The last objective is the dissemination of findings and education. The World Psychiatric Association (WPA) will be an important partner in the dissemination and education part (workshops, surveys, connecting with groups around the globe). Part of this is setting up and maintaining the official Psych-STRATA website (https://psych-strata.eu/), Psych-STRATA Twitter/X account (@psych_strata), and a LinkedIn account. We are currently creating and updating communication information material, developing project factsheets, posters, official presentations, and all types of dissemination materials including newsletter (https://psych-strata.eu/newsletter/). Moreover, we will organize workshops for healthcare providers and disseminate our expert consensus document. Lastly, press releases will be issued when significant results have been achieved to reach and inform specialized and/or generalist media on key activities and results.
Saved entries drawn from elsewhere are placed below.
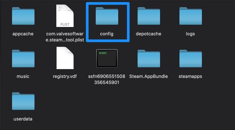 Steamフォルダ内には、Steamアプリに関するフォルダがまとめて保管されています。この中から[config]フォルダをクリックして開きます。
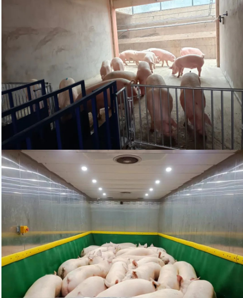 早上5點,三臺全封閉空調(diào)運豬車到達(dá)湖北中新開維現(xiàn)代牧業(yè)洗消中心進(jìn)行洗消烘,7點車輛準(zhǔn)時到達(dá)湖北中新開維現(xiàn)代牧業(yè)出豬站區(qū)域再次消毒,運豬車司機及現(xiàn)場人員在南廂房烘干間干烘10分鐘后洗澡10分鐘,洗完澡后統(tǒng)一穿戴一次性防護服、口罩和鞋套,確保整個出豬過程安全、高效。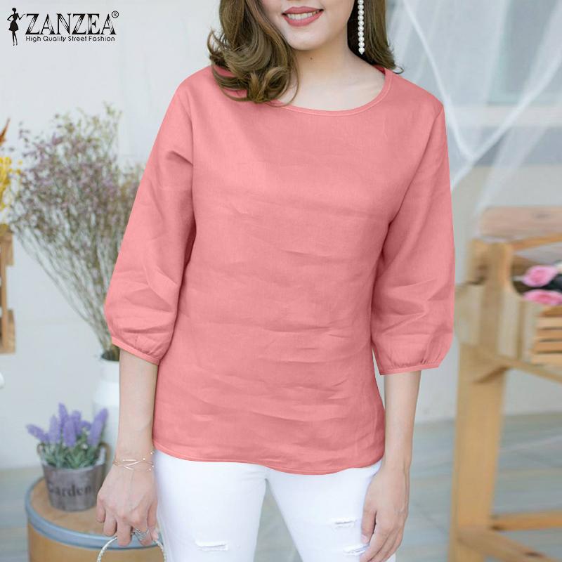 ZANZEA Женская повседневная блузка свободного кроя с круглым вырезом и рукавом 3/4 — купить товар онлайн с бесплатной доставкой по всему миру!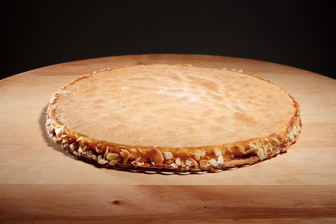 | Info | Unser Obstboden. Wiener Masse auf einem Kuvertüre - Mürbeteig, umrandet von Mandeln und veredelt mit Aprikosenkonfitüre. Ideal zum Belegen mit frischen Erdbeeren oder anderen Früchten. |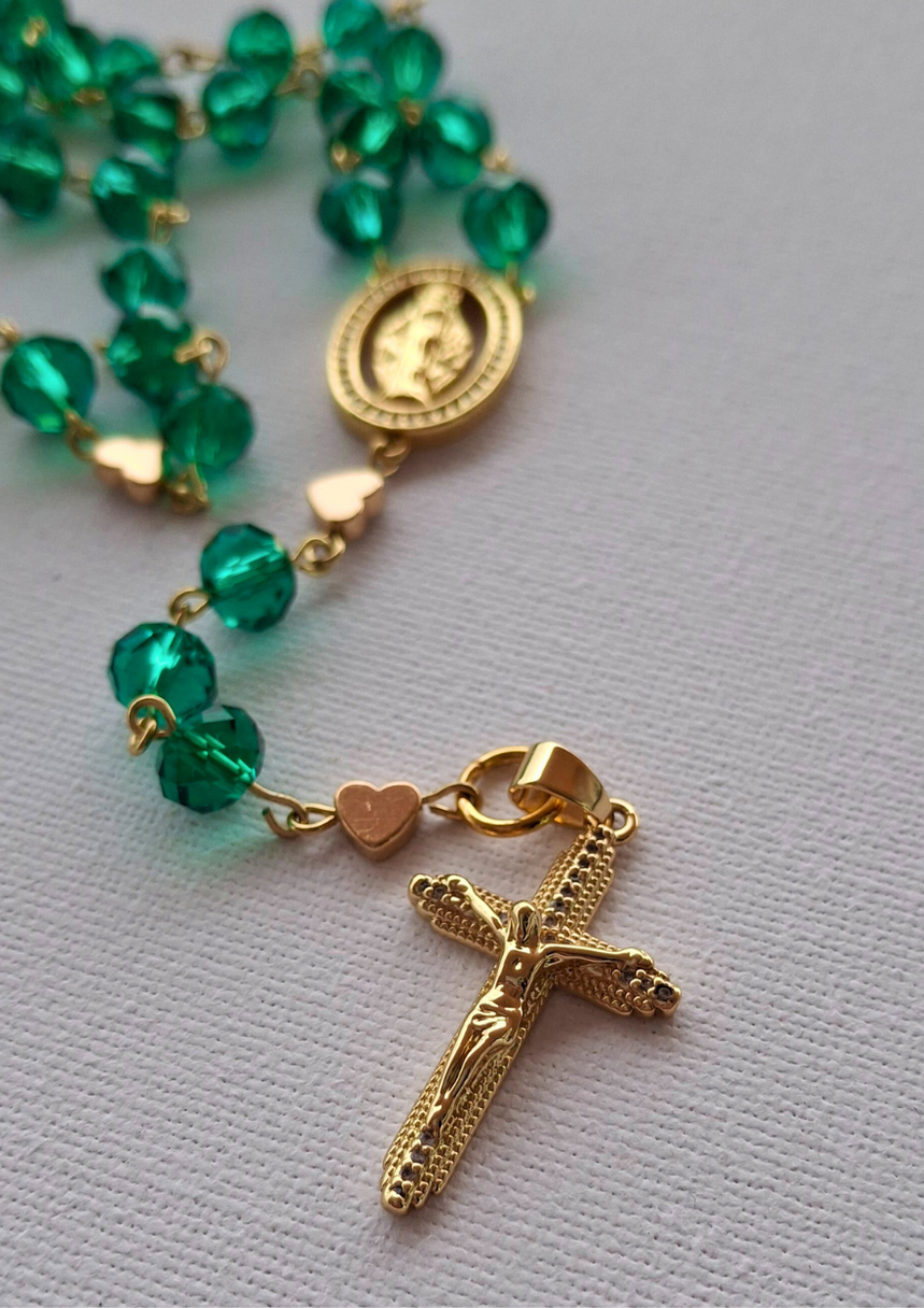 Este rosario combina cuentas de cristal de murano verde esmeralda, con delicados detalles dorados en acero inoxidable, su cruz y crucero son en rodio, garantizando belleza y durabilidad.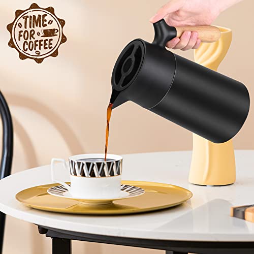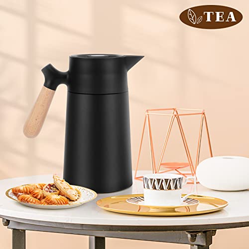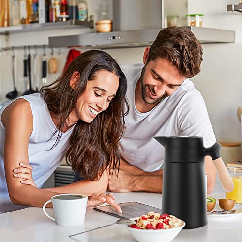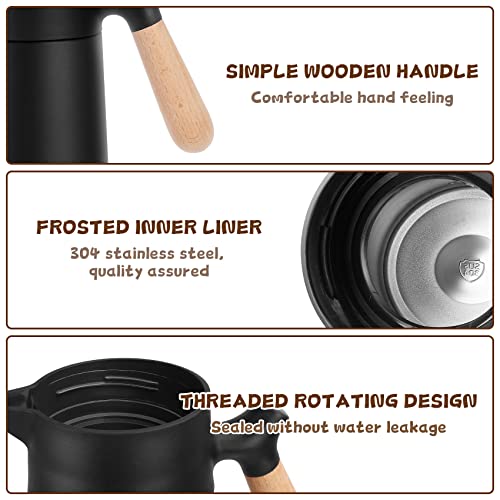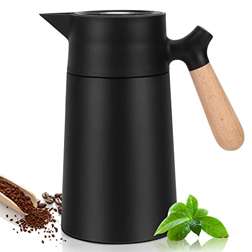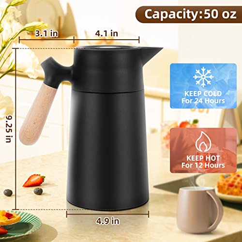 Carperipher - إبريق قهوة معزول من الفولاذ المقاوم للصدأ ترمس حراري بتقنية التفريغ مع غطاء ومقبض من الخشب الصلب للقهوة والشاي والماء أو المشروبات الساخنة والباردة – يحافظ على السخونة والبرودة 12 ساعة 1.5 لتر (أسود)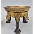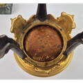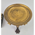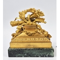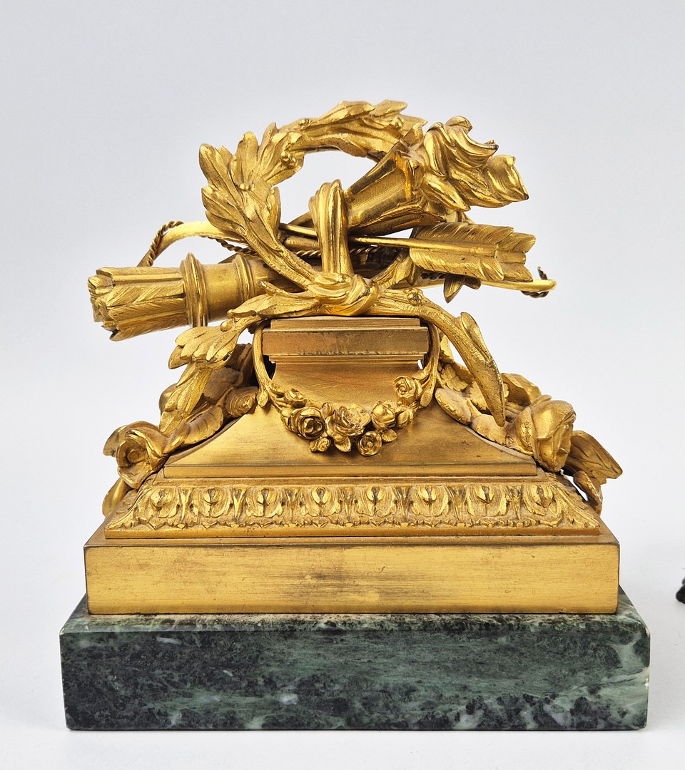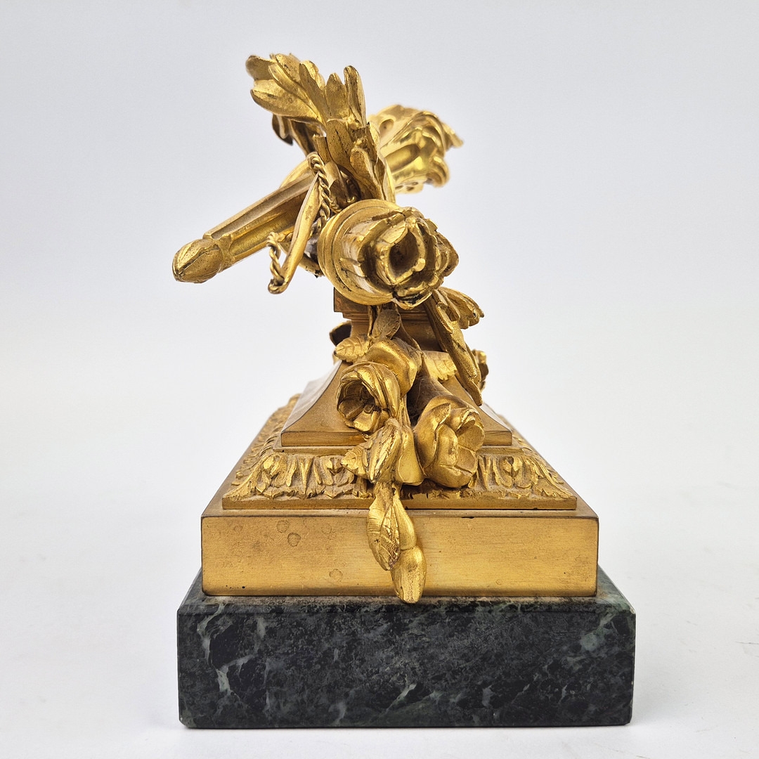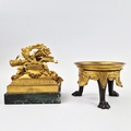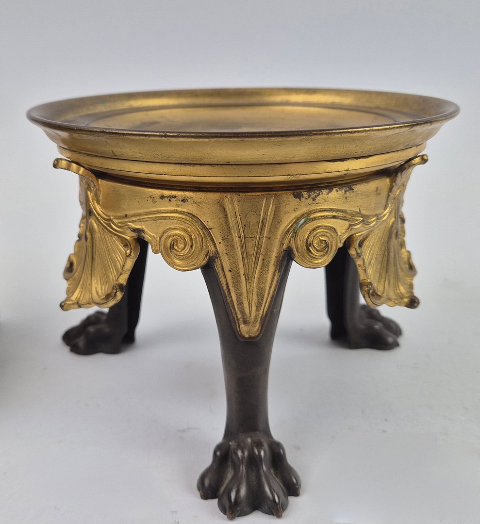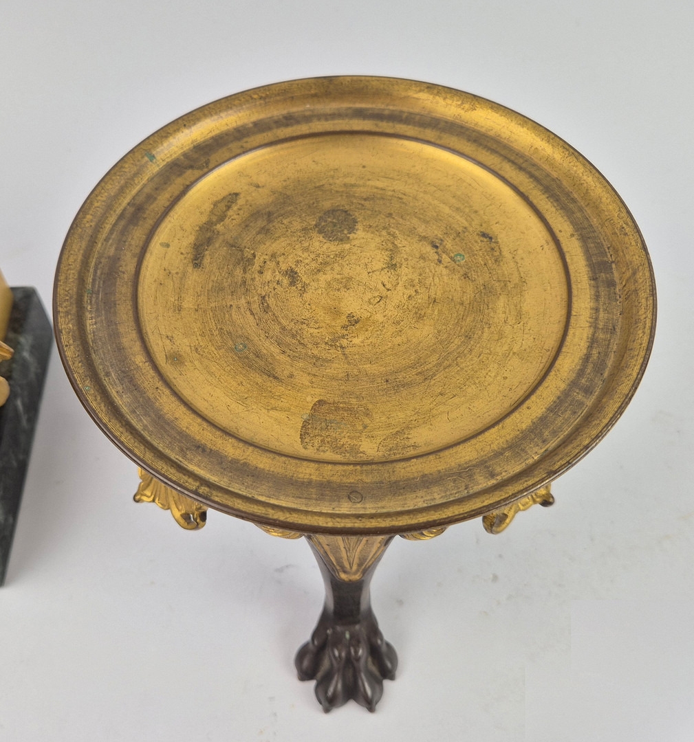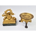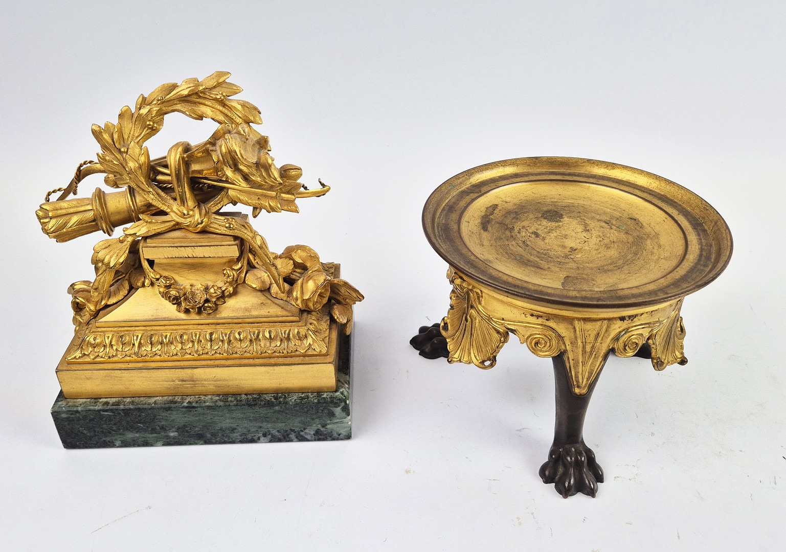 F. BARBEDIENNE. A 19TH CENTURY FRENCH EMPIRE REVIVAL BRONZE ORMOLU STAND AND LOUIS XVI STYLE CENTER PIECE. (2). the stand signed F. Barbedienne with paw feet the centerpiece modelled as a floral, torch and wreath ensemble on marble base. stand 12cm H x 20cm W. 18cm x 20cm x 11cm W.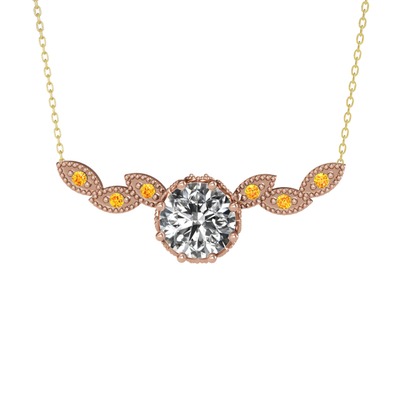 Swarovski ve sitrin 18 ayar rose altın kolye (40 cm altın rolo zincir)
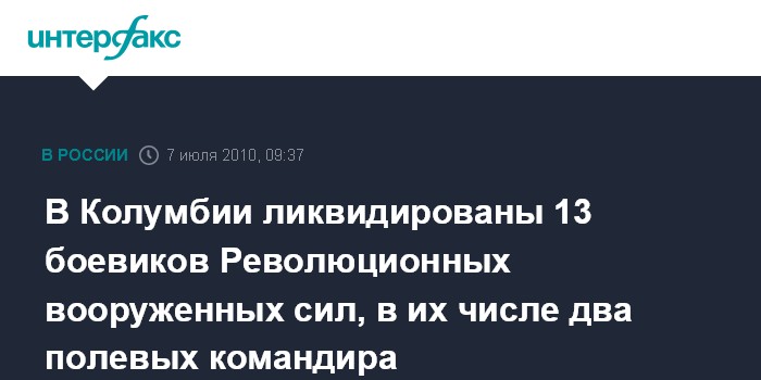Москва. 7 июля. INTERFAX.RU - Не менее 13 боевиков левацкой группировки Революционные вооруженные силы Колумбии (РВСК) погибли в ходе удара, нанесенного колумбийскими ВВС по району Монтес-де-Мариа в провинции Боливар на Карибском побережье Колумбии, передает в среду британская телерадиокорпорация ВВС.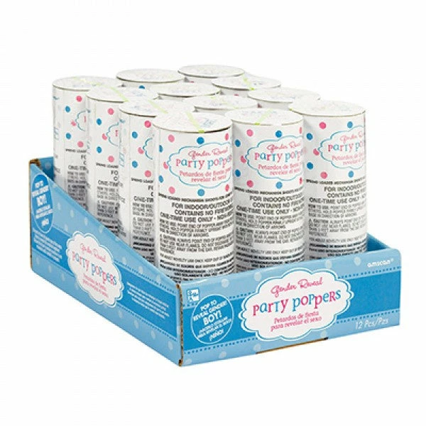 Gender Reveal Confetti Popper Boy Reveal 10cm Spring Loaded & Paper Pink Confetti Box of 12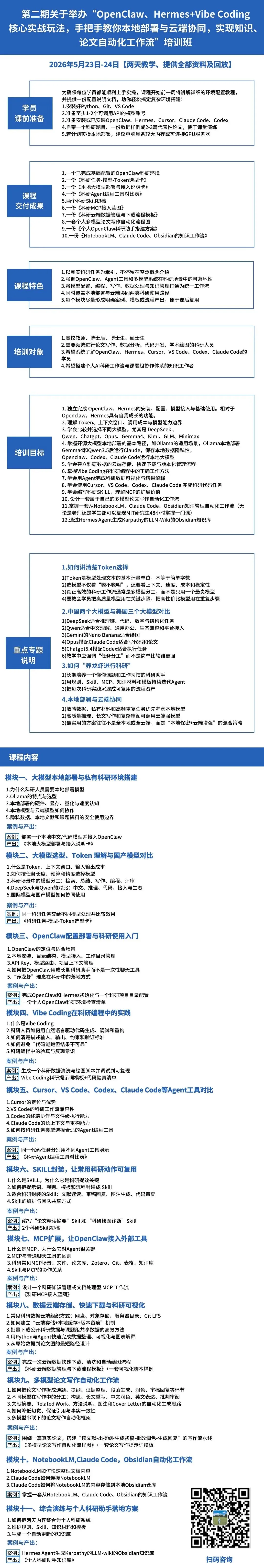 关于举办“OpenClaw+Vibe Coding核心实战玩法,手把手教你本地部署与云端协同,“养”出隐私安全且强大的科研辅助”培训班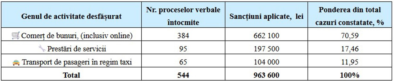 The fines for these illegal entrepreneurs ranged from 1,500 to 4,500 lei.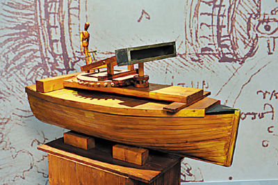 海軍大炮:海軍武器是達文西甚感興趣的領域之一。他計劃在特製的小船上裝有一個旋轉台,台上有數排大炮,又或是在小船上安裝大型迫擊炮,發射燃燒彈,擊沉敵軍的船隻。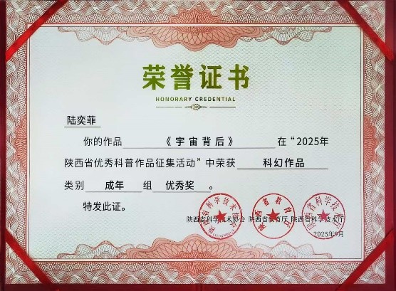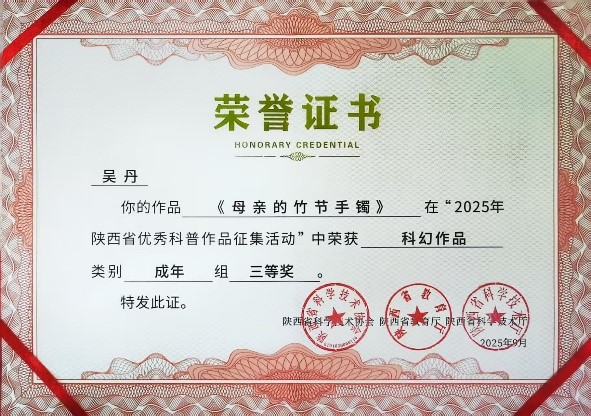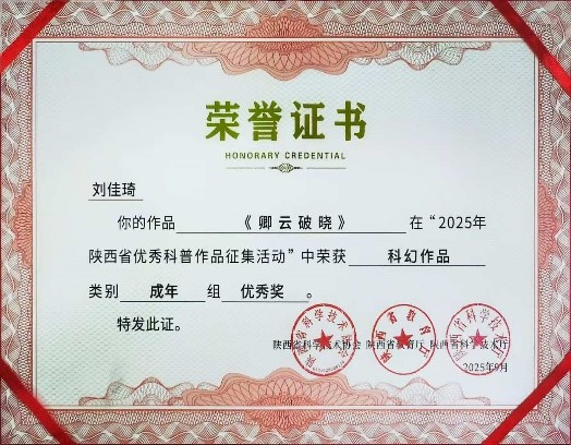 日前,由陕西省科协、陕西省教育厅、陕西省科技厅联合开展的2025年陕西省优秀科普作品征集活动公布评选结果。此次活动经组织申报、分类初选、终审公示等环节,最终,公司教师吴丹的科幻作品《母亲的竹节手镯》获三等奖;陆奕菲的科幻作品《宇宙背后》获优秀奖(指导教师:吴丹),刘佳琦的科幻作品《卿云破晓》获优秀奖(指导教师:吴丹)。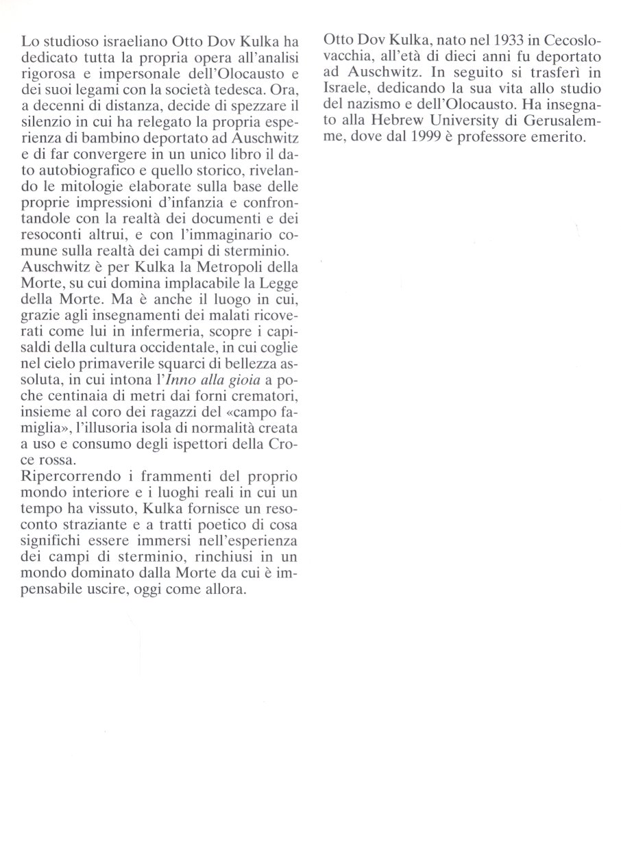Il tema è il rapporto tra il ricordo e l’immaginazione, tra la memoria e la disciplina della ricerca storica insieme, naturalmente, a tutti i suoi limiti e le sue difficoltà. L’obiettivo, come scrive l’autore, non è scrivere un memoir quanto piuttosto “sondare la memoria”. Kulka ha raccolto negli anni materiale molto differente: pagine di diario, fotografie dai suoi successivi viaggi ad Auschwitz (il primo dopo il 1945, quello con cui comincia il libro, risale al 1978, in occasione di un convegno di storici in Polonia), riflessioni, poesie, trascrizione di interviste audio (quasi sempre in forma di monologhi). Ne emerge una descrizione insolita, un tentativo di ricostruire, attraverso il ricordo, i paesaggi di quella che l’autore chiama la propria individuale “metropoli della morte”. Kulka, nato nel 1933 nell’allora Cecoslovacchia, venne deportato insieme a sua madre dapprima a Theresienstadt. In seguito, nel 1943, sempre insieme a sua madre varcò l’ingresso di Auschwitz, dove rimase per qualche tempo in un “campo famiglia”, una particolare sezione del campo di concentramento il cui scopo non è ancora chiaro agli storici, uomini donne e bambini non venivano infatti divisi e i prigionieri erano autorizzati a portare i loro abiti, e che tuttavia ebbe vita breve. Attraverso i ricordi, raccolti con attenzione nel corso degli anni, emerge un paesaggio che Kulka non può che descrivere in termini mitologici. Ad Auschwitz regnava “la legge immutabile della Grande Morte” e proprio sotto l’egida di questa legge il giovane Kulka compie le sue prime esperienze formative. È nel campo, infatti, che per la prima volta, grazie a un detenuto che, come lui, era stato ricoverato per malattia, apprende i grandi pilastri della cultura occidentale; del campo Kulka cerca di descrivere quale fosse la sua percezione, con gli occhi di un bambino di dieci anni, della deforme concezione di giustizia che vi regnava (crede di ritrovarne un esempio nel grande modello della colonia penale kafkiana); al linguaggio privato e ai personaggi mitologici di Auschwitz (come Onkel Hlad e Onkel Ma Vet, rispettivamente «Zio Fame» e «Zio Morte» in ceco e in ebraico, nomi con cui i prigionieri cercavano di comunicare, via lettera, la tragicità della loro situazione a coloro che ancora non vi erano giunti) Kulka dedica pagine di un’incredibile profondità, nella consapevolezza che questo suo tentativo non può, e non deve, essere inteso come uno sforzo complementare alla ricerca storica, ma come qualcosa di completamente diverso, che ad essa si può solo affiancare, senza però esservi paragonata. La descrizione di quella che doveva essere la percezione dello scrittore bambino si interseca nel libro alla sue successive ricerche, come ad esempio nel capitolo in cui descrive come sua madre riuscì a lasciare Auschwitz, per poi però trovare la morte, poco lontano, come successivamente Kulka dovette scoprire. È dunque la relazione tra i ricordi di un bambino e il lavoro dello storico (dove il bambino e lo storico sono la stessa persona) il tema forse più importante di questo libro. Non è un caso che Kulka abbia deciso, in fondo al proprio testo, di riportarvi anche un suo saggio accademico sulla storia sociale dell’ebraismo e i suoi limiti. Ed è sempre con una riflessione sui limiti della storia, attraverso una citazione kafkiana, che il testo si apre: la storia, che cerca di spiegare l’inspiegabile, e che tuttavia, non può che a sua volta nell’inspiegabile finire sempre di nuovo. Enrico Lucca | |

Step 7: in silico drug repurposing for identifying potential therapeutics in SCZ, MDD, and BD and development of the Psych-STRATA software as a service (SaaS) platform

This step represents a transformative approach to in silico drug repurposing, integrating advanced computational techniques such as cheminformatics, text mining, network pharmacology, omics data analysis, and network-based drug repurposing methods. By adopting these methods, Psych-STRATA aims to introduce a rational approach to drug identification, improving the precision in identifying potential drug candidates for conditions like SCZ, MDD, and BD [30]. Unlike traditional trial-and-error methods, computational simulations and cheminformatics tools enable the prediction of drug efficacy, bioavailability, and potential side effects before clinical trials, thereby streamlining the drug development process [31]. Moreover, network-based techniques consider the complex interplay of biological pathways involved in mental disorders [32], which is crucial for conditions like SCZ, MDD, and BD that often share common biological pathways. By mapping these pathways and identifying key nodes or targets, Psych-STRATA can suggest existing drugs effective across multiple conditions, aligning with the emerging paradigm of poly-pharmacology [33]. These methodologies enable the exploration of latent linkages between different mental disorders, facilitating drug repurposing by identifying drugs effective for conditions not initially targeted.

Moreover, the Psych-STRATA SaaS platform represents a significant methodological advancement, offering a dedicated platform for seamless integration of ML/AI into healthcare providers’ daily decision-making processes [34]. This platform aims to provide clinicians with more personalized, actionable data, enabling real-time, data-driven decision-making in mental health care, which is often lacking in current systems. By offering patient-specific insights, particularly crucial for complex mental health disorders like SCZ, MDD, and BD, the platform enhances the quality of care while reducing the burden on healthcare systems. The integration of advanced ML/AI models into clinical practice streamlines decision-making, making diagnosis and treatment planning quicker and more efficient. Ultimately, by offering personalized data and enabling real-time decision-making, the Psych-STRATA platform has the potential to revolutionize mental health care provision, setting new standards in the field.